The set of practical knowledge acquired by the students will be evaluated by means of written tests 
(same controls programmed by the theoretical contents) and with the realization of works in group. 
Through this work, students will have to identify and delineate the role that hydrogeological factors 
play in the studied territory, paying special attention to the study of their interaction with the biotic 
elements of the area.  In other words, the student must acquire a transversal and systemic knowledge 
of various hydro-environmental problems existing in this territory of Catalonia that will allow him 
to make decisions on the use  and management, planning of the water resources it contains.
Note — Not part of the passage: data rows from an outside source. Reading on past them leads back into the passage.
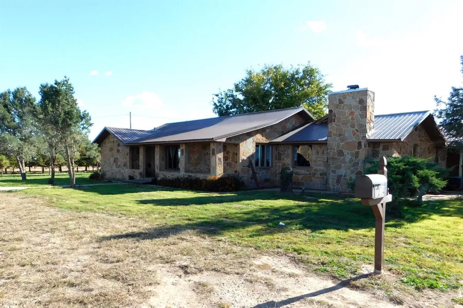 Stately stone facade country home....4 bedrooms, 3 1/2 baths, 2 living areas, basement, office, new roof, new heating and air, 2 new water heaters, new garage door, new wrought iron fencing along yard perimeter and a 400 sq. ft barn. This home has tons of built in storage cabinetry, all new flooring throughout, 4th bedroom has an en suite half bath. This home is currently priced with 2.122 acres.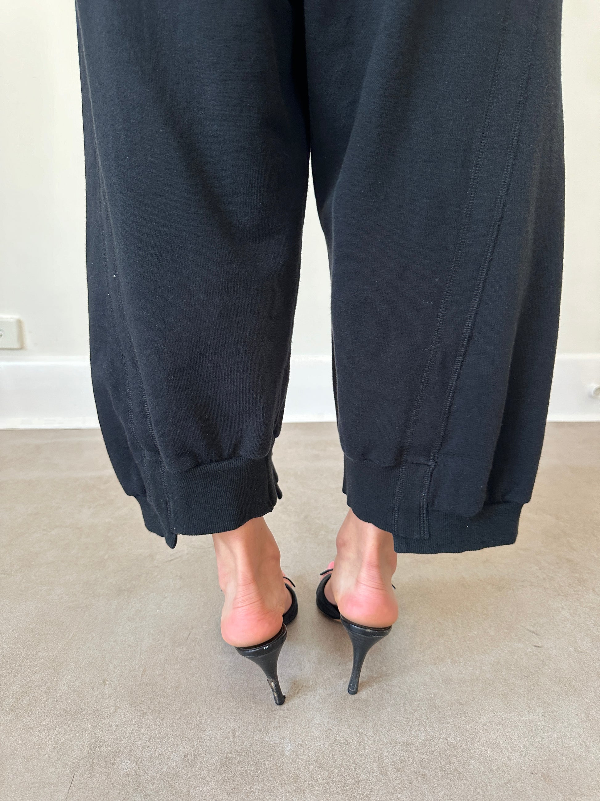 y’s by yohji yamamoto black saruel sweatpants featuring a wide, relaxed fit with a dropped crotch and ribbed hem. made from soft sweat material with an elastic drawstring waist. includes back pockets. condition is excellent with minimal signs of wear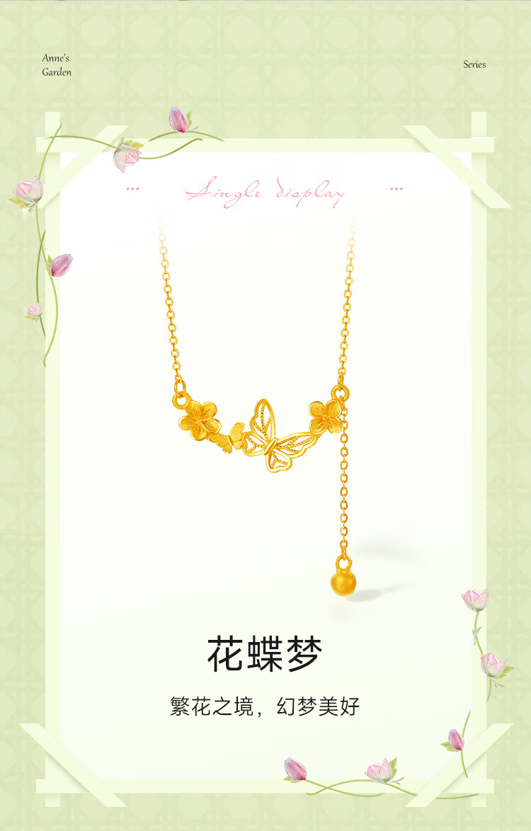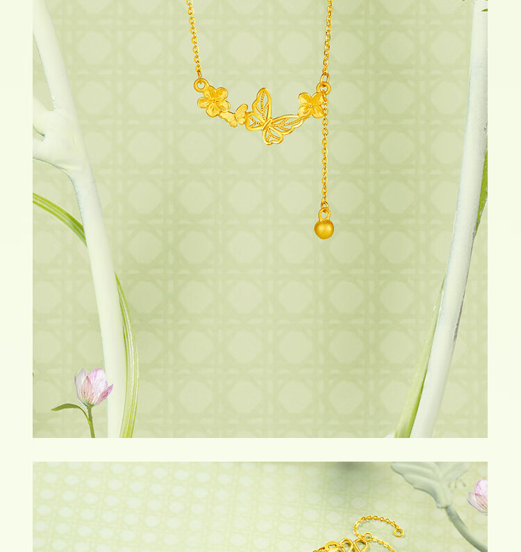 Saturday Bliss Butterfly Dream Pure Gold 999 Gold Necklace Pendant for Women Price A0613053 Approximately 3.82g 40+5cm Gift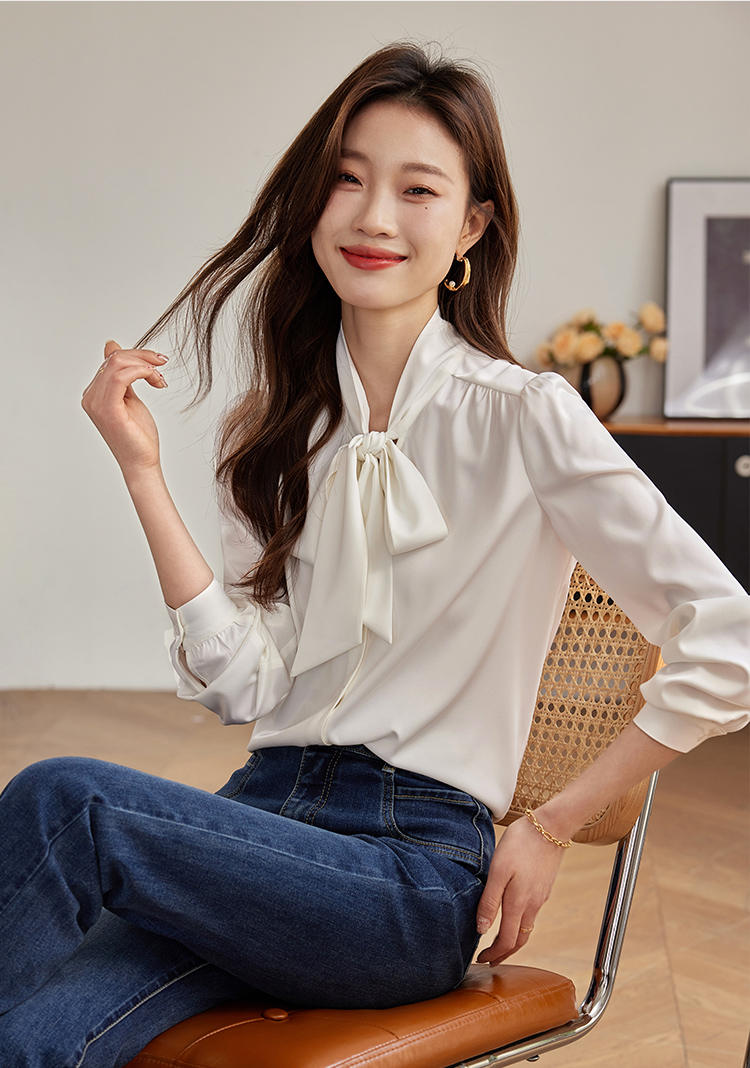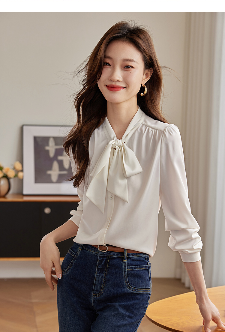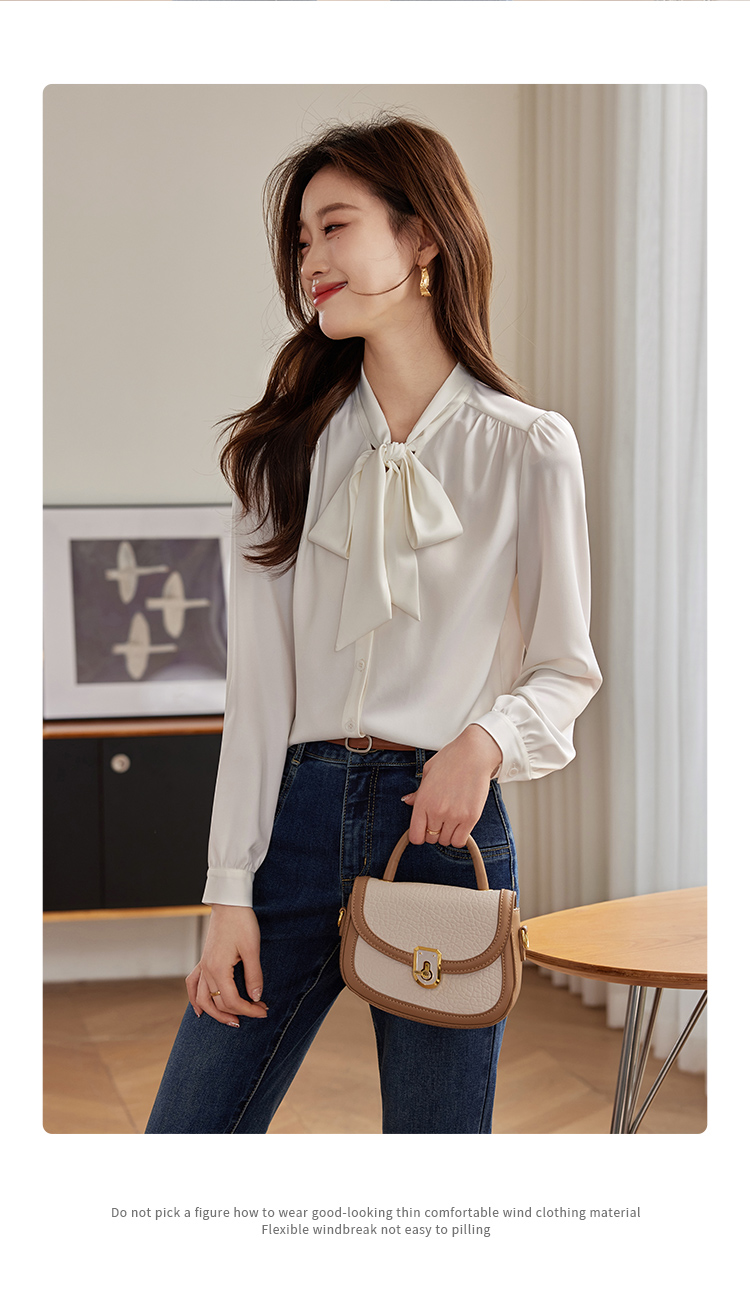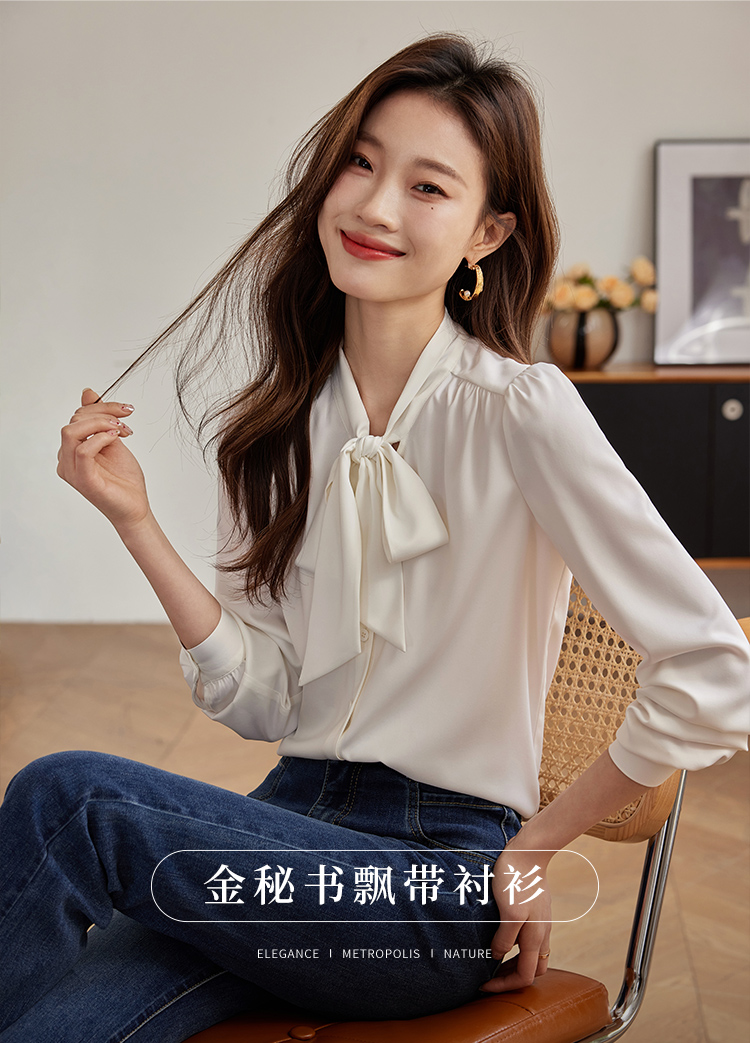【年终特卖】熙世界法式飘带蝴蝶结长袖衬衫女设计高级感抗皱OL衬衣2025秋新款

A guide document of the work to be developed can be consulted on the virtual campus of the subject. 
During the course the student will be guided on the work methodology and the problems that will be solved.
 

The evaluation is carried out throughout the course, partly in groups and partly individually.

1. Evaluation theory and classroom practices:

In this part, the scientific-technical knowledge of the subject achieved by the student is evaluated individually, 
as well as their capacity for analysis and synthesis, and critical reasoning.

The evaluation of the theoretical contents and part of the practical part of the subject is carried out 
by means of 2 written tests that are carried out throughout the course, one in the middle of the semester, 
and another at the end of the course.

The contents will be eliminatory (the second test does not include the contents of the first).

They will average from a 2.5 mark of each partial. Each of these evaluation activities of the subject 
represent a percentage with respect to the global grade of 70% (35% first part and 35% second part).

30% of the grade will come from the presentation of individual and / or group work, either from 
theoretical subjects and / or from field trips.

2. Evaluation field trips:

The concepts explained in the field will be very present in the written tests. Both regarding the exit 
in the stream of the UAB campus and the camps in the Tremp basin.

3. Recovery notes improvement:

To be able to attend the recovery, the student has had to have previously been evaluated from 
continuous evaluation activities that are equivalent to 2/3 of the final grade.

The possibility of improving the final global grade is considered, therefore the grades obtained 
in the partial grades are invalidated.